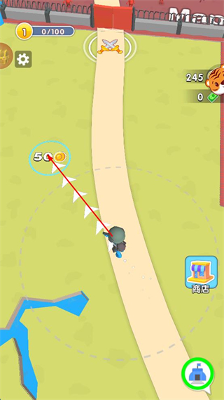 2、在跑酷过程中收集沿途的金币,积累游戏内的资源道具。
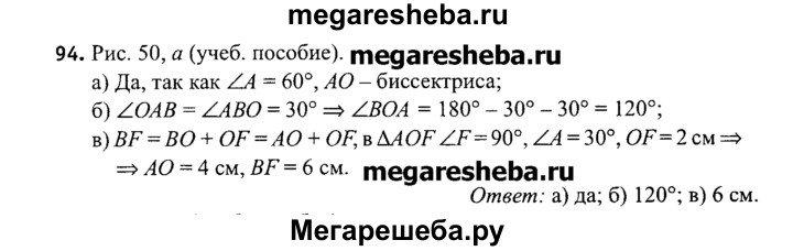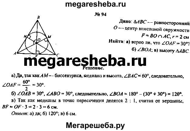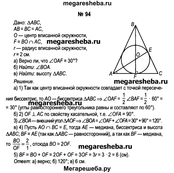 94. Точка О — центр окружности, вписанной в равносторонний треугольник ABC, F = ВО ∩ АС (рис. 50, а), а) Верно ли, что угол OAF = 30°? б) Вычислите градусную меру угла BOA. в) Вычислите высоту треугольника АВС, если радиус вписанной в него окружности равен 2 см.
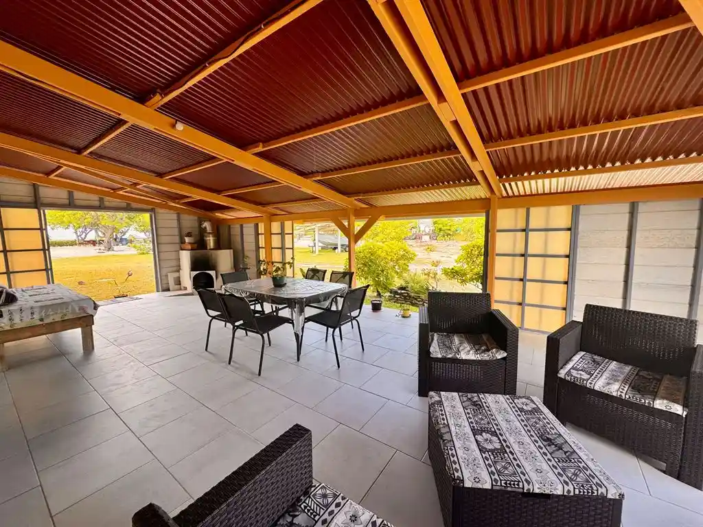 Propriété rare à Fakarava, située sur un atoll classé Réserve de Biosphère UNESCO, offrant un cadre de vie exceptionnel entre nature préservée et calme absolu. Implantée sur un terrain d’environ 6 000 m², la maison développe 135 m² habitables et se compose d’un séjour spacieux avec cuisine ouverte, de plusieurs chambres confortables et d’espaces de vie lumineux et fonctionnels. La propriété bénéficie d’une excellente autonomie grâce à 14 panneaux solaires pour une puissance d’environ 6 000 W, un puits pour la récupération d’eau depuis la nappe phréatique, deux cuves de récupération d’eau de pluie de 7 500 litres chacune et deux pompes assurant une autonomie complète en eau. Le vaste terrain, entièrement exploitable, permet la construction de plusieurs bungalows, idéal pour un projet touristique, une pension de famille, de la location saisonnière ou un projet résidentiel évolutif. Emplacement privilégié à deux pas de la plus belle plage de Fakarava (PK9) et à proximité immédiate de la passe nord, réputée comme l’un des plus beaux spots de plongée au monde. Une opportunité rare, idéale pour résidence principale, secondaire ou investissement touristique à fort potentiel.
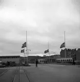 Vägstation N2, Skedala. Vy från väg mot förråds- och garagebyggnader. Flaggstång.
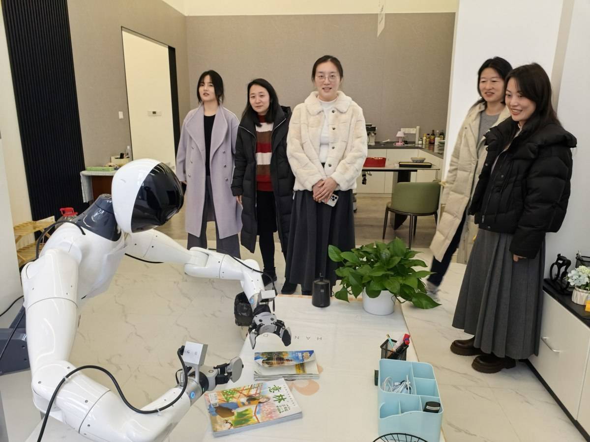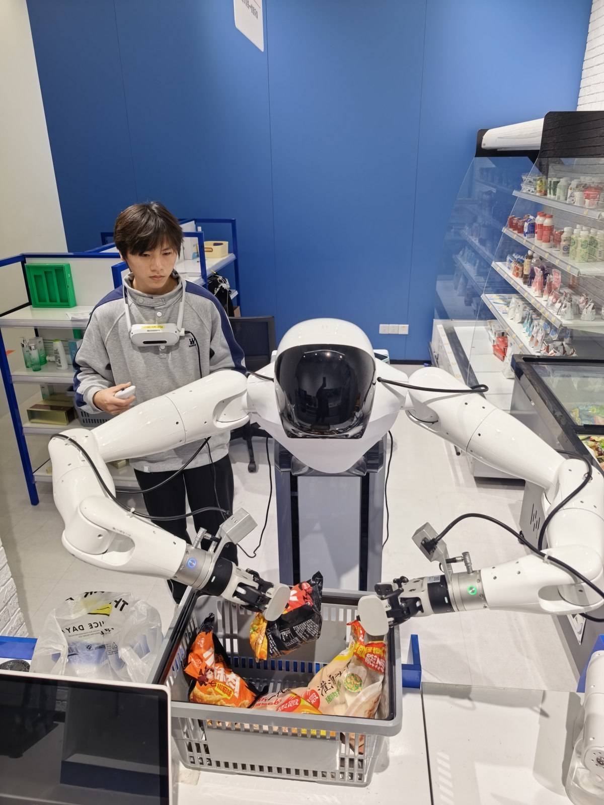 一勺,两勺……灵巧手将猫盒子打开,捏着小勺子,铲出四勺猫粮,恰好是猫咪一餐的食量。“用时1分钟,达标了!”一位训练人形机器人的女生指挥着人形机器人喂食猫咪,她在这里实习快一个月,每天重复着数十组的训练任务,就像教会蹒跚学步的幼儿。
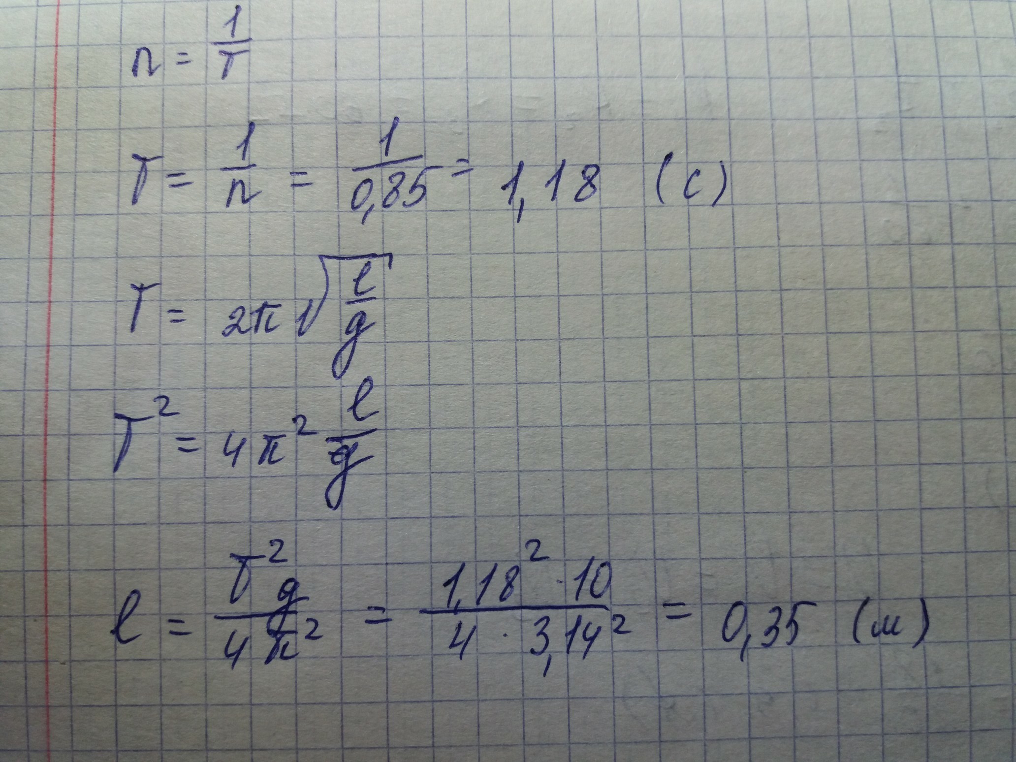 частота колебаний математического маятника 0,85Гц найти период и длину нити маятника

==========

How to complete this task: Word for word, write out the lines from the top of the records above down to the line holding "Vägstation N2, Skedala.", inclusive, but not the pictures.

Task solution:
 2、在跑酷过程中收集沿途的金币,积累游戏内的资源道具。
 94. Точка О — центр окружности, вписанной в равносторонний треугольник ABC, F = ВО ∩ АС (рис. 50, а), а) Верно ли, что угол OAF = 30°? б) Вычислите градусную меру угла BOA. в) Вычислите высоту треугольника АВС, если радиус вписанной в него окружности равен 2 см.
 Propriété rare à Fakarava, située sur un atoll classé Réserve de Biosphère UNESCO, offrant un cadre de vie exceptionnel entre nature préservée et calme absolu. Implantée sur un terrain d’environ 6 000 m², la maison développe 135 m² habitables et se compose d’un séjour spacieux avec cuisine ouverte, de plusieurs chambres confortables et d’espaces de vie lumineux et fonctionnels. La propriété bénéficie d’une excellente autonomie grâce à 14 panneaux solaires pour une puissance d’environ 6 000 W, un puits pour la récupération d’eau depuis la nappe phréatique, deux cuves de récupération d’eau de pluie de 7 500 litres chacune et deux pompes assurant une autonomie complète en eau. Le vaste terrain, entièrement exploitable, permet la construction de plusieurs bungalows, idéal pour un projet touristique, une pension de famille, de la location saisonnière ou un projet résidentiel évolutif. Emplacement privilégié à deux pas de la plus belle plage de Fakarava (PK9) et à proximité immédiate de la passe nord, réputée comme l’un des plus beaux spots de plongée au monde. Une opportunité rare, idéale pour résidence principale, secondaire ou investissement touristique à fort potentiel.
 Vägstation N2, Skedala. Vy från väg mot förråds- och garagebyggnader. Flaggstång.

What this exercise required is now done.